Input: ([1, 2], [3], 2)
Expected Output: 5
Explanation: Sums are [4, 5]; the 2nd smallest is 5 (= 2 + 3).
Input: ([0, 0], [0, 0], 4)
Expected Output: 0
Explanation: All four pair sums equal 0; duplicates count with multiplicity, so the 4th smallest is still 0.
Input: ([1, 7, 11], [2, 4, 6], 9)
Expected Output: 17
Explanation: k = n*m = 9 boundary: the largest pair sum 11 + 6 = 17.
Input: ([5], [10], 1)
Expected Output: 15
Explanation: Single element each: the only sum is 5 + 10 = 15.
Input: ([2, 4, 6], [1, 3, 5], 6)
Expected Output: 7
Explanation: Sums sorted: [3, 5, 5, 7, 7, 7, 9, 9, 11]. The 6th smallest is 7, showing ties are counted individually.
Hints
- The smallest pair sum is always A[0] + B[0]. The next smallest is one step right in either array — this 'frontier' is exactly what a min-heap tracks efficiently.
- Seed the heap with one entry per row of the SHORTER array: (smaller[i] + larger[0], i, 0).
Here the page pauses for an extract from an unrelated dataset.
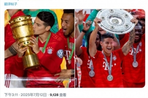拜仁官方社媒晒出J罗效力球队时期的捧杯照片,配文:“祝J罗34岁生日快乐!”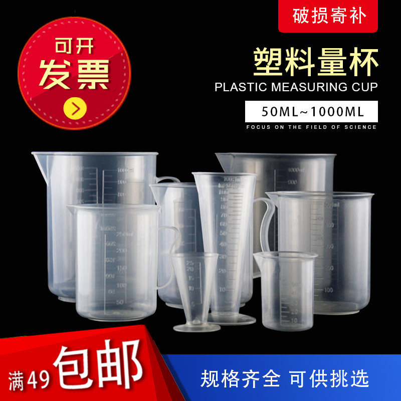 Plastic beaker 50 100 250 500 1000ml without handle graduated measuring cup for testing

This caps the heap at O(min(n, m)) entries.
- When you pop (sum, i, j), the only new candidate it unlocks is (smaller[i] + larger[j+1], i, j+1). Push it if j+1 is in bounds. Never push a 'down' move, or you would enqueue the same cell twice.
- Duplicate sums count with multiplicity: popping k times naturally handles ties because each (i, j) cell is a distinct heap entry even when sums are equal.